Starting with the line that holds "git merge 명령어를", repeat each line through the last one below, exactly. Pictures stay out.

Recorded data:
============================================================

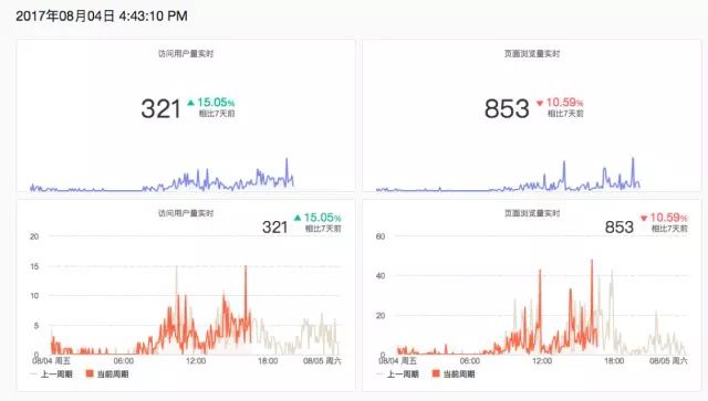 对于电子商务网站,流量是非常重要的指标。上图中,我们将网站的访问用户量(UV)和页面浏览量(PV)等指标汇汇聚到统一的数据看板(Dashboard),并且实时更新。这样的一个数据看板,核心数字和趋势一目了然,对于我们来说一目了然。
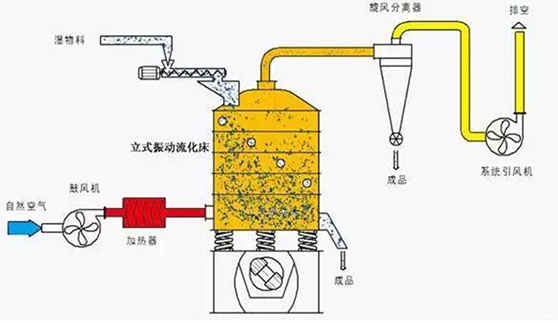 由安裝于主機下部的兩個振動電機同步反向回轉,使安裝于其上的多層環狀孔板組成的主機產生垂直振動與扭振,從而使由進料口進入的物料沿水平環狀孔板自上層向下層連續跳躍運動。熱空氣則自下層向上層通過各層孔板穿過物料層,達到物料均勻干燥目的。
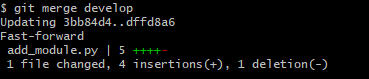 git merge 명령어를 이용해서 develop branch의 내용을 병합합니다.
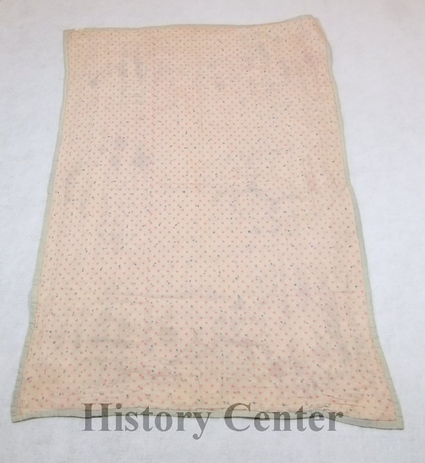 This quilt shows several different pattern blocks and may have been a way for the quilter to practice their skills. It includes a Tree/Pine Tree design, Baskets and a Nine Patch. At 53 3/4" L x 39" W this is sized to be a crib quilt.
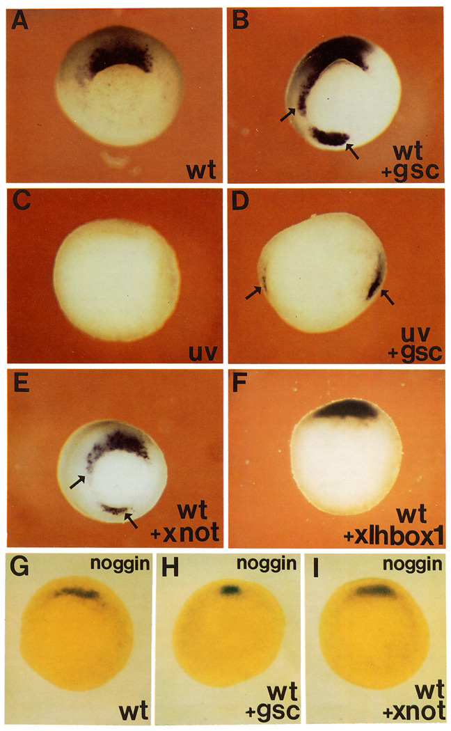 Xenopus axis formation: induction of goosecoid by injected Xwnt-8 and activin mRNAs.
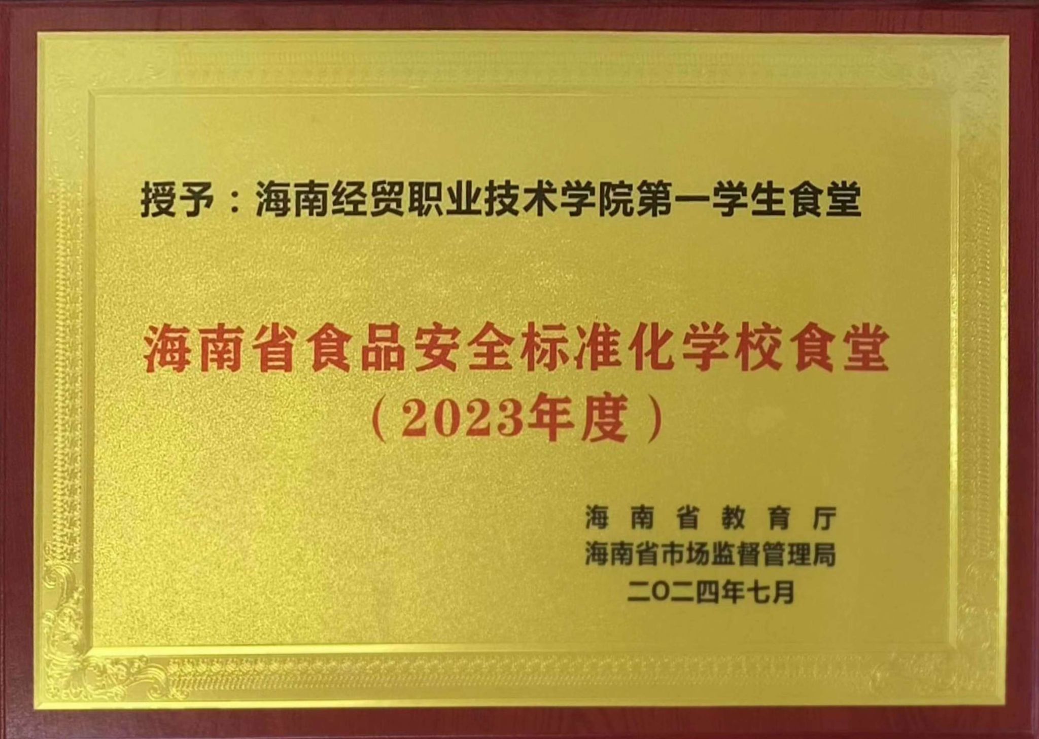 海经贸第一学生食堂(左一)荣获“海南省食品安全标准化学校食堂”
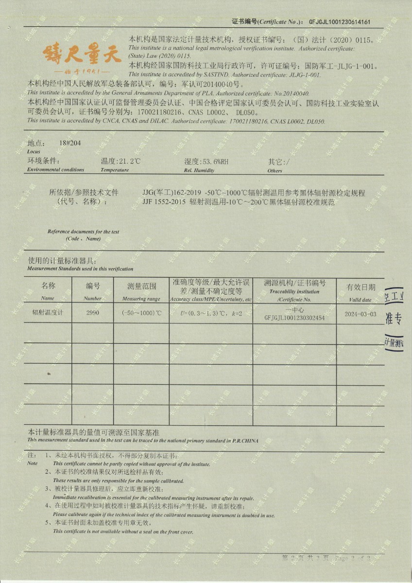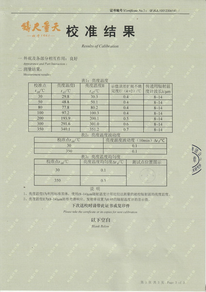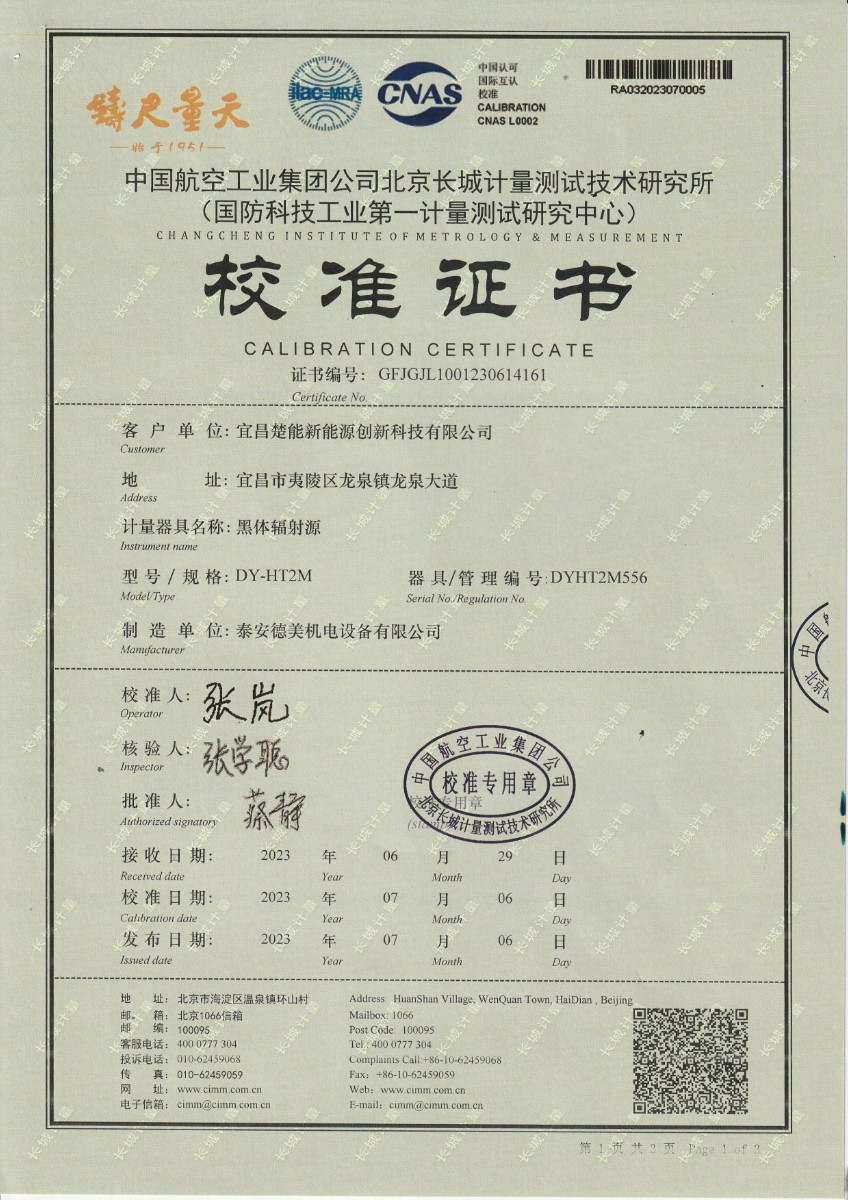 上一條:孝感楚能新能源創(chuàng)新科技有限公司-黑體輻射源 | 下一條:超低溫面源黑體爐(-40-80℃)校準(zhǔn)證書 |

============================================================

### Task answer:
 git merge 명령어를 이용해서 develop branch의 내용을 병합합니다.
 This quilt shows several different pattern blocks and may have been a way for the quilter to practice their skills. It includes a Tree/Pine Tree design, Baskets and a Nine Patch. At 53 3/4" L x 39" W this is sized to be a crib quilt.
 Xenopus axis formation: induction of goosecoid by injected Xwnt-8 and activin mRNAs.
 海经贸第一学生食堂(左一)荣获“海南省食品安全标准化学校食堂”
 上一條:孝感楚能新能源創(chuàng)新科技有限公司-黑體輻射源 | 下一條:超低溫面源黑體爐(-40-80℃)校準(zhǔn)證書 |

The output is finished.